Namun apakah Appi benar-benar marah karena ingin menyelesaikan permasalahan kemacetan. Saya rasa tidak. Appi hanya marah karena perjalanannya terhalang. Jika lancar saja, Appi bakal menikmati fasilitas mobil, adem-adem saja, dengan iringan pasukan pengawalan.

Appi sebaiknya marah terhadap tata kelola kota yang dimana ia sendiri selaku Walikotanya. Sebab kemacetan hari ini terjadi, menjadi kewenangan pemerintah. Pengendara hanyalah korban.

Sebagai Walikota, Appi harusnya tahu, bahwa bisa saja pengendara yang melawan arus, sudah marah sejak lama, dengan kondisi kota yang macetnya luar biasa. Jadi kalau Appi mau marah, marahlah ke bawahannya, ke dinas terkait atau ke toko-warung yang tetap ngotot membuka usaha tanpa lahan parkir memadai. Atau kalau tidak mampu memarahi mereka, marahlah pada diri sendiri.

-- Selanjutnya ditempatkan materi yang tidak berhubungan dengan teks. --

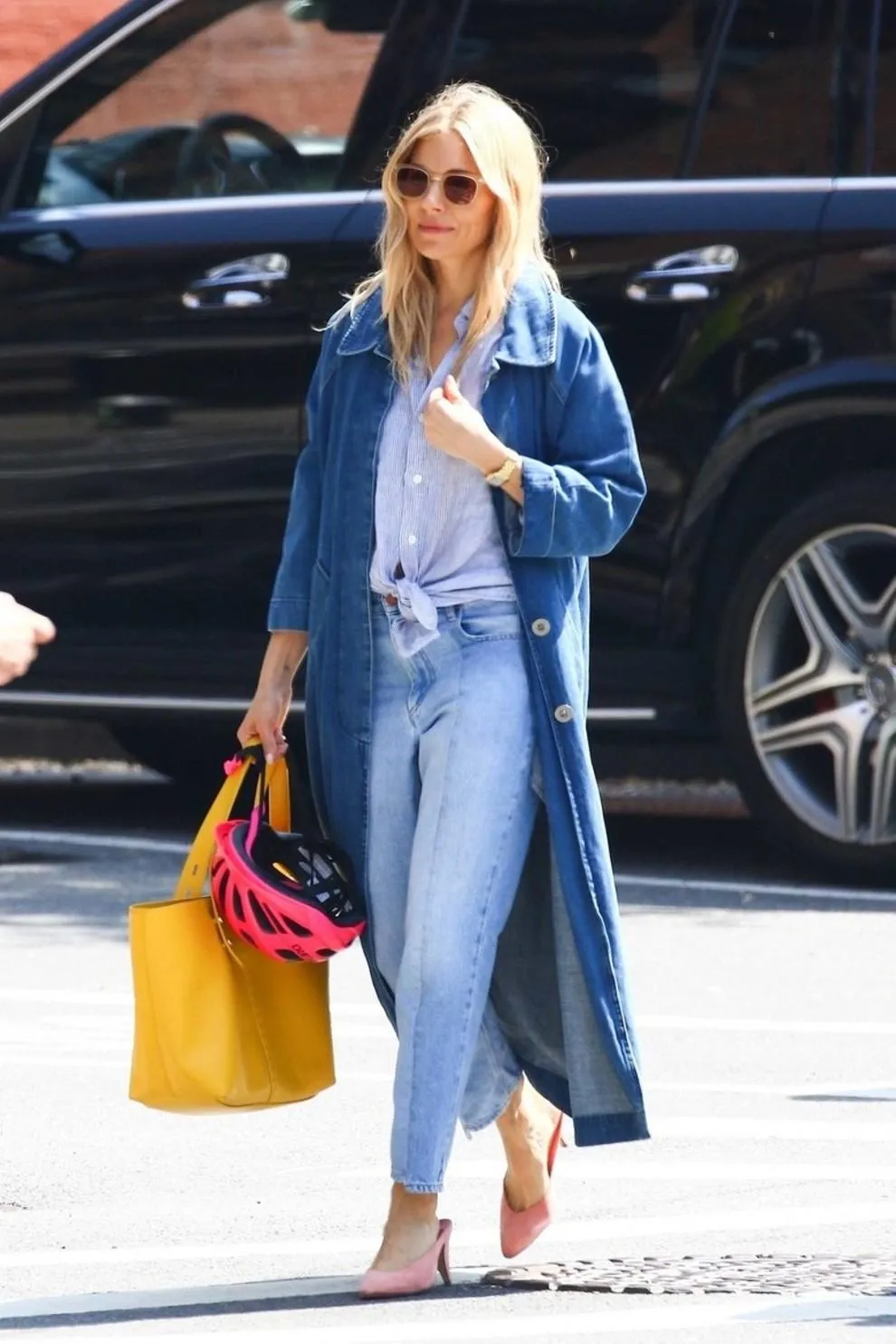 До прикладу, відома актриса і фотомодель Сієнна Міллер, яка для вуличної зйомки одягла блакитні джинси з тренчем з деніму, бавовняну блакитну сорочку і рожеві мюлі. Сумку обрала яскраво-жовтого кольору.

Appi harus paham, mereka yang melawan arus, pada dasarnya muak dengan kemacetan yang tak pernah terselesaikan. Sehingga bisa dibilang, marah-marahnya bapak tak menjawab keluhan mereka sebagai warga. Lagi pula, kalau Appi hanya bisa marah-marah menanggapi masalah ini, maka tidak elok kalau kerjanya bapak, hanya marah terus dan terus marah-marah, hehehe.

Saya tak bisa membayangkan ketika Appi marah ke pengendara lalu dijawab sarkas oleh warga. Saat Appi bilang ‘bapak gak sekolah?’ lalu dijawab pengendara, tapikan bapak walikotanya wkwkwkw. Bagaimana seandainya pengendara yang bapak marahi, balik memarahi bapak dan bilang semua ini karena salah urus pemerintah kota.

Jadi kita mau bilang, pengendara melawan arus tidak bisa disalahkan sepenuhnya. Mereka memilih melawan arus dengan alasan rasional, menghindari kemacetan. Kalau pemerintah bisa menyelesaikan ini, bisa saja jumlah pengendara melawan arus berkurang bahkan zero.

Apalagi, jika Appi bisa menghadirkan transportasi publik, akses sepeda hingga pejalan kaki, yang bisa diandalkan sebagai pilihan alternatif, sehingga warga tak bergantung banyak dengan kendaraan pribadi.

Ini baru kemacetan karena tata kelola, bagaimana kalau macet banjir tommi? Apakah Appi akan marah kepada langit yang menurunkan hujan? Kan tidak lucu.

Apakah marah-marahnya Appi membuat pengendara berhenti melawan arus, kita semua tahu jawabannya, TIDAK. Apakah marahnya Appi mengundang antipati masyarakat? bisa jadi.